Anders als die Vorgänger erzählt „Creed“ keine Geschichte eines aufstrebenden Underdogs. Michael B. Jordan spielt Adonis Creed, den Sohn des berühmtesten Gegners von Rocky Balboa und hat damit weniger mit Geldproblemen, als vielmehr mit dem großen Erbe seines Vaters zu kämpfen. Im Gegensatz zu anderen Box-Filmen dreht sich „Creed“ nicht um die Kämpfe, sondern um die Menschen die dahinter stehen. Der Film zeigt eigentlich nur zwei große Box-Kämpfe, ansonsten dominieren die zwischenmenschlichen Beziehungen der Charaktere, was eine außerordentlich gute Entscheidung war. Die tolle und emotionale Geschichte weiß dabei zu überzeugen, wie bei Box-Filmen üblich kann sie sich aber einer gewissen Vorhersehbarkeit und Überdramatisierung nicht entziehen.
Macht alles überhaupt nichts, denn „Creed“ ist fantastisch inszeniert. Der erst 29-jährige Regisseur Ryan Coogler setzt insbesondere die Kämpfe ungemein dynamisch und abwechslungsreich in Szene. Besteht der erste Kampf noch aus einer beeindruckenden Plansequenz, in der die Kamera nah an den Darstellern bleibt, fokussiert sich der finale Kampf auf eine Fernsehreife Inszenierung. Beide Varianten sind auf ihre Weise sehr gelungen. Untermalt wird das Geschehen von einem grandiosen Soundtrack, in dem sich Hip-Hop-Stücke mit epischen Einspielern abwechseln und zwischendurch immer wieder die klassischen Klänge des Rocky-Themas aufgegriffen werden. Sehr stark! Trotz einer gewissen Vorhersehbarkeit ist „Creed“ also zu jedem Zeitpunkt hochspannend und dabei auch hochemotional und hochdramatisch.

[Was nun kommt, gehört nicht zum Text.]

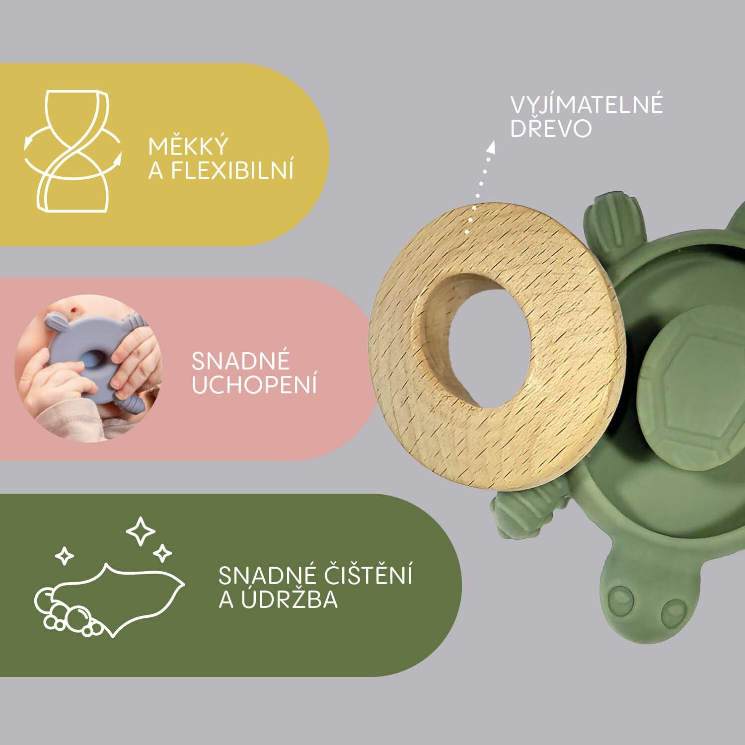 Vaše děťátko si okamžitě zamiluje naše roztomilé kousátko ve tvaru želvy, které spojuje přírodní dřevo s bezpečným silikonem. Ideální společník pro období prořezávání zoubků, který poskytuje úlevu od bolesti a současně rozvíjí smyslové vnímání vašeho miminka.

Ein unglaubliches Wechselbad der Gefühle und ein wahrlich mitreißender Box-Film!
Fazit
Was für ein Wahnsinns-Film! „Creed“ ist der bisher beste Teil der „Rocky“-Reihe, was vor allem an seiner herausragenden Inszenierung, seiner unbändigen Energie und seinen tollen Darstellern liegt, aus deren Ensemble ein alles überragender Sylvester Stallone heraussticht, mit einer so starken Performance die man ihm gar nicht zugetraut hätte. „Creed“ setzt die Marke für zukünftige Box-Filme und zukünftige Filme des Kinojahres 2016 extrem hoch an, denn er ist einer der besten Filme der letzten Jahre! Die 2017 erscheinende Fortsetzung kann nach diesem grandiosen Neuanfang also gerne kommen.